Biblical hermeneutics in the Middle Ages witnessed the proliferation of nonliteral interpretations of the Bible. Christian commentators could read Old Testament narratives simultaneously:
- as prefigurations of analogous New Testament episodes,
- as symbolic lessons about church institutions and current teachings,
- and as personally applicable allegories of the Spirit.
In each case, the meaning of the narrative was constrained by imputing a particular intention to the Bible, such as teaching morality. But these interpretive bases were posited by the religious tradition rather than suggested by a preliminary reading of the text.

A similar fourfold mode is found in rabbinic writings. The four categories are:
- Peshat (simple interpretation)
- Remez (allusion)
- Derash (interpretive)
- Sod (secret or mystical)
It is uncertain whether the rabbinic categories of interpretation predate those of the patristic version. The medieval period saw the growth of many new categories of rabbinic interpretation and of exegesis of the Torah. Among these were the emergence of Kabbalah and the writings of Maimonides.
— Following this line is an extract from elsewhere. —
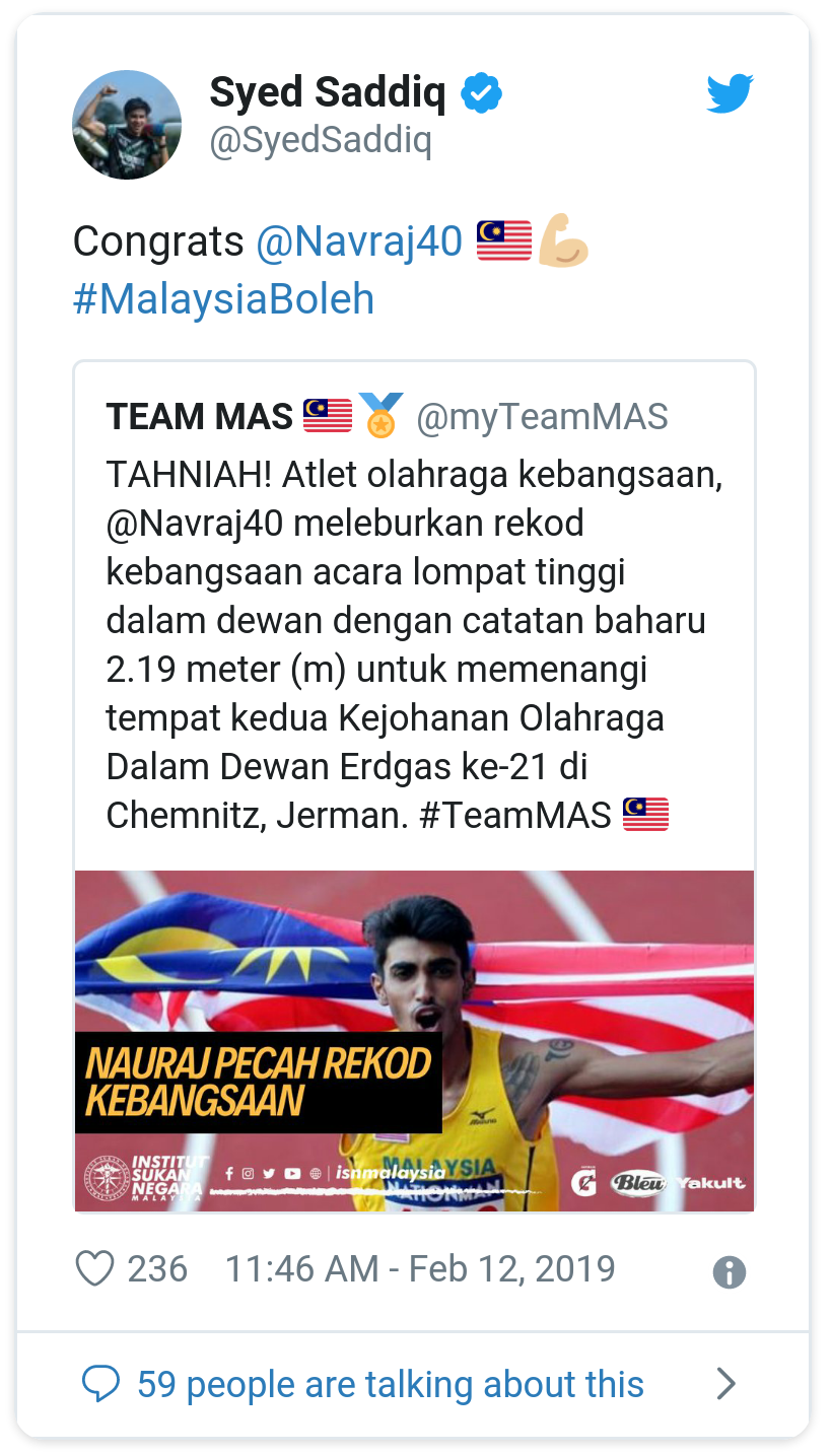 Kejayaan beliau turut diraikan Menteri Belia dan Sukan, Syed Saddiq Syed Abdul Rahman menerusi Twitternya dengan memberikan ucapan tahniah.

The hermeneutical terminology used here is in part arbitrary. For almost all three interpretations which go beyond the literal explanations are in a general sense "allegorical". The practical application of these three aspects of spiritual interpretation varied considerably. Most of the time, the fourfold sense of the Scriptures was used only partially, dependent upon the content of the text and the idea of the exegete.... We can easily notice that the basic structure is in fact a twofold sense of the Scriptures, that is, the distinction between the sensus literalis and the sensus spiritualis or mysticus, and that the number four was derived from a restrictive systematization of the numerous possibilities which existed for the sensus spiritualis into three interpretive dimensions.

The customary medieval exegetical technique commented on the text in glossae or annotations that were written between the lines or at the side of the text (which was left with wide margins for this purpose). The text might be further commented on in scholia, which are long, exegetical passages, often on a separate page.